Steiermark | Anja Reiter | aus FALTER 25/09 vom 17.06.2009

Der Diaprojektor surrt. Das Licht verdüstert sich. Szenenwechsel. Es sind die harten und schnellen Schnitte, die bei der rasanten Bühnenfassung des Romans "Spieltrieb" von Juli Zeh in Erinnerung bleiben. Spotartig wirft Regisseurin Esther Muschol Blitzlichter auf die trostlosen Schauplätze des Geschehens: Die 15-jährige, hochintelligente Ada (Evelyn Ruzicka) ist gelangweilt vom Leben. Die Sinnsuche hat sie längst aufgegeben, Moral und Ethik sind für Ada bloß beliebige Übereinkommen. Auch Adas neuer Mitschüler Alev (Johannes Hoffmann) kann dem Sein keinen Ernst abgewinnen. Das Leben ist für ihn ein einziges Spiel, Alev selbst stellt die Regeln auf: Das willkürlich gewählte Opfer der beiden "Pseudonihilisten" ist der arglose Deutschlehrer Smutek (Helmut Pucher) .

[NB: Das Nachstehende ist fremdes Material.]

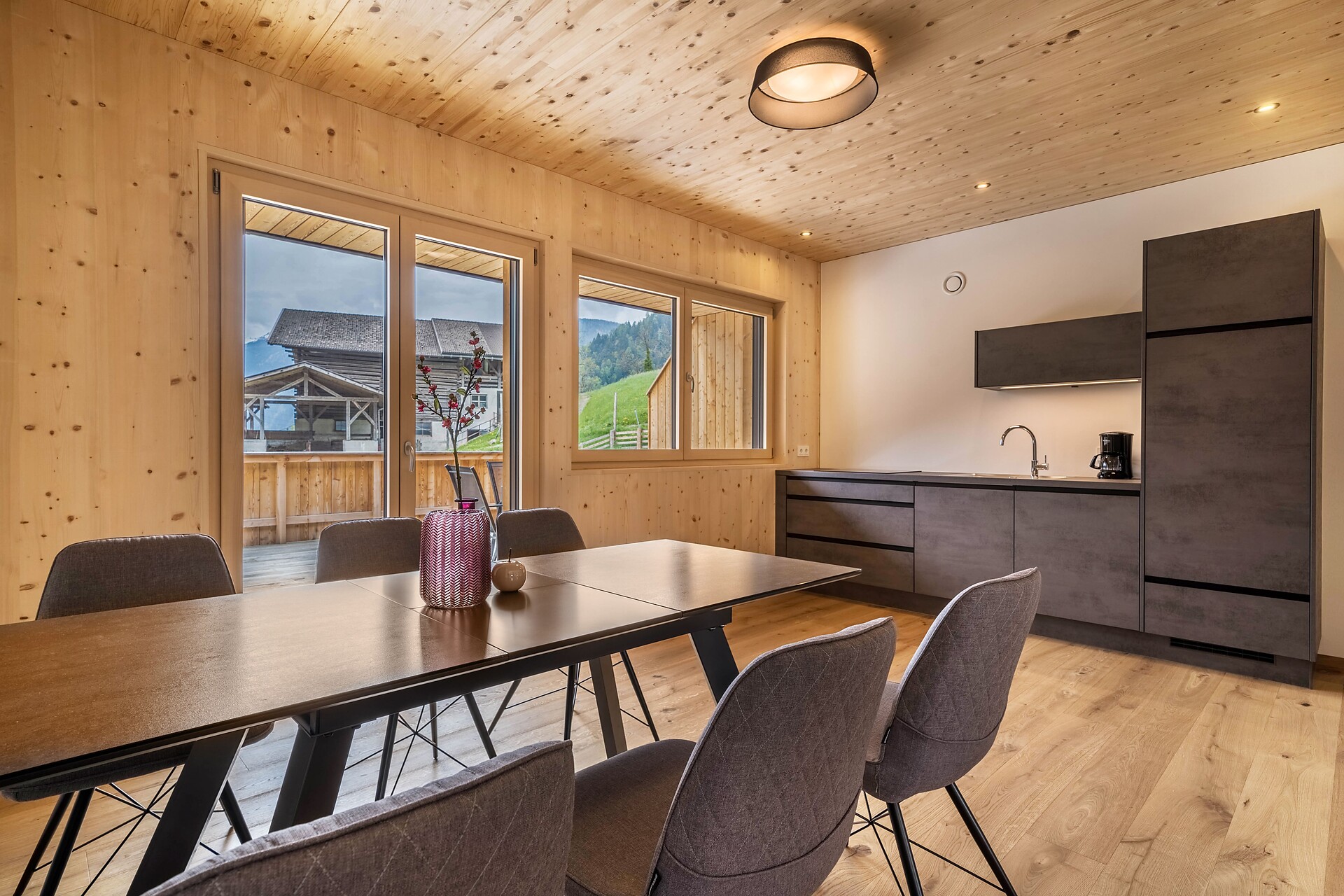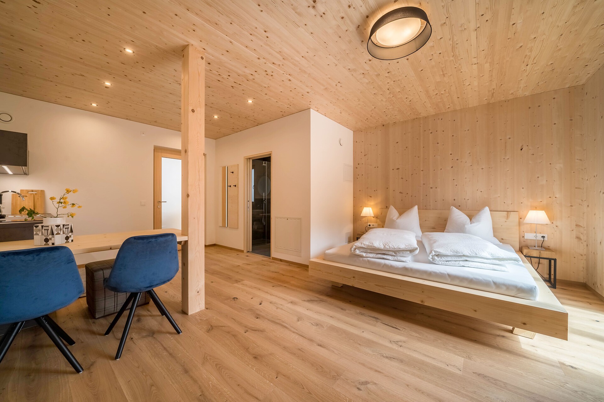 Il nostro profumato appartamento in pino cembro offre spazio per 4 persone ed è composto da una cucina-soggiorno e da 2 camere da letto e bagni separati. Il punto forte: l'ampia terrazza soleggiata esposta a sud-ovest con vista sulle montagne circostanti e sulla natura incontaminata. Il profumo rilassante e aromatico del pino cembro conferisce a questo appartamento un ulteriore carattere di benessere.

Schon in ihrem Roman übt Juli Zeh hemmungslos Kritik an unserer desorientierten Gesellschaft. In der gestrafften Bühnenfassung von Bernhard Studlar ist die Überladenheit noch stärker zu spüren. Thomas Mann, Robert Musil, Fjodor Dostojewski - Juli Zeh zitiert aus der Weltliteratur. Der Generationenkonflikt verzahnt sich mit dem Konflikt zwischen Weltanschauungen, Lebenseinstellungen, politischen Systemen, Kulturen und Ideologien. An manchen Stellen gelingt die Projektion der großen Verwirrungen der Welt auf den kleinen Mikrokosmos Schule, allzu oft wirkt der Versuch allerdings zu bemüht.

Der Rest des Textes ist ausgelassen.